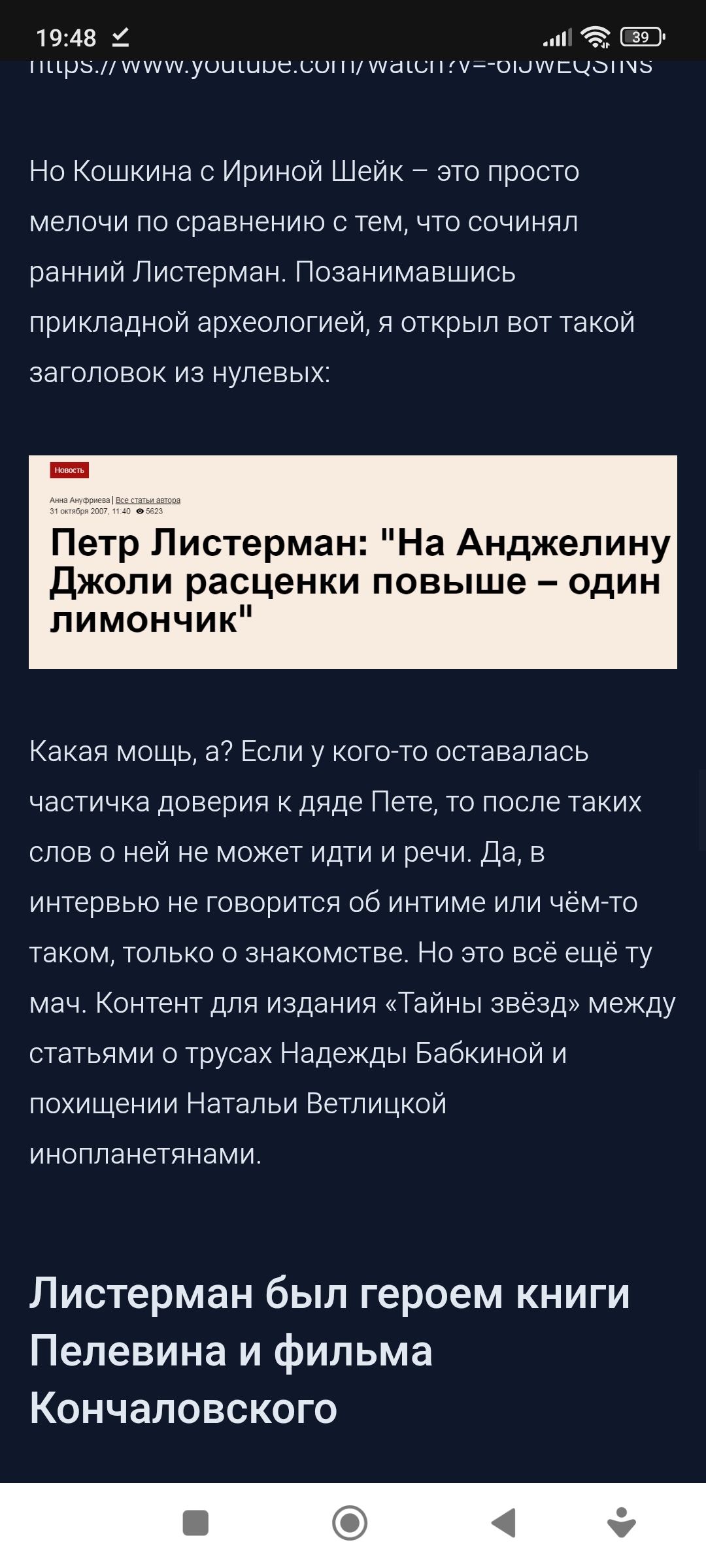 Типичная пелевинщина, в которой попкультура пересекается с мифологией. Самое то для человека, сознательно превратившего себя в миф. Хотя чисто идеологически Листерман больше похож на героя «Духless» или другой книги Сергея Минаева, описывающего жирные нулевые в кругу развращённых элит.
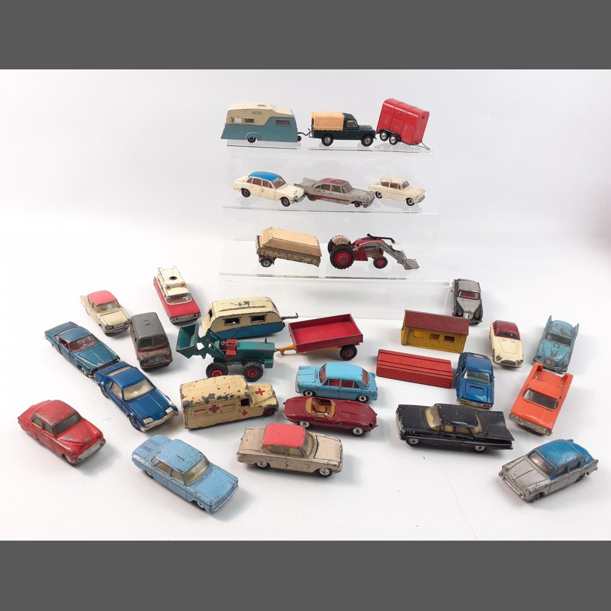A super selection of playworn CORGIS to include a STUDEBAKER, GOLDEN HAWK, GHIA L6, SUPERIOR AMBULANCE, FORD CONSUL x 2, OLDSMOBILE TORNADO, CHEVROLET IMPALA, LANCIA FLUVIA, and much else including DINKYS
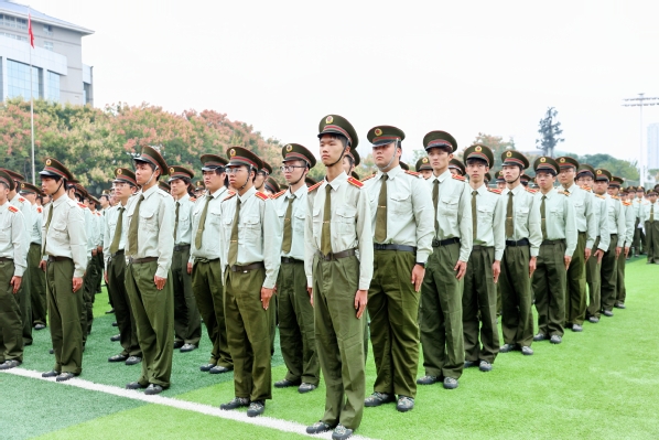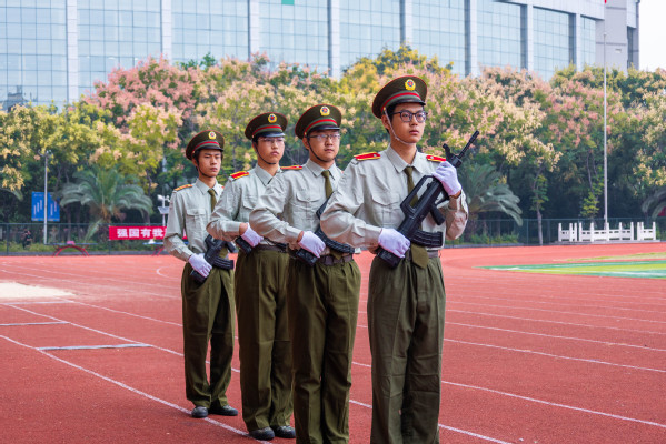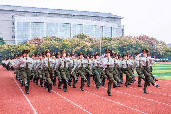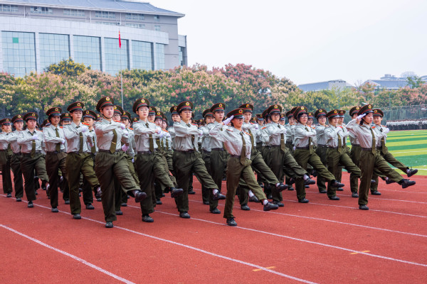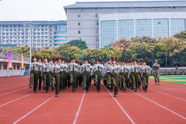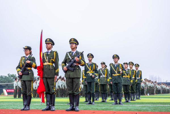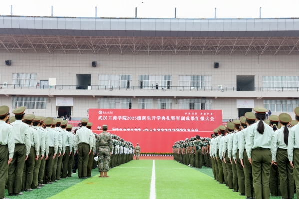 伴随着激昂的《分列式进行曲》,护旗方队率先入场,17个新生方阵依次亮相。他们迈着铿锵正步走过主席台前,用挺拔的身姿、昂扬的状态,诠释了武工商学子积极进取、朝气蓬勃的青春风采。

Task – Ending at the line with "A super selection", reproduce exactly the lines that begin at the top of the data, and include no pictures.

Task solution –
 Типичная пелевинщина, в которой попкультура пересекается с мифологией. Самое то для человека, сознательно превратившего себя в миф. Хотя чисто идеологически Листерман больше похож на героя «Духless» или другой книги Сергея Минаева, описывающего жирные нулевые в кругу развращённых элит.
A super selection of playworn CORGIS to include a STUDEBAKER, GOLDEN HAWK, GHIA L6, SUPERIOR AMBULANCE, FORD CONSUL x 2, OLDSMOBILE TORNADO, CHEVROLET IMPALA, LANCIA FLUVIA, and much else including DINKYS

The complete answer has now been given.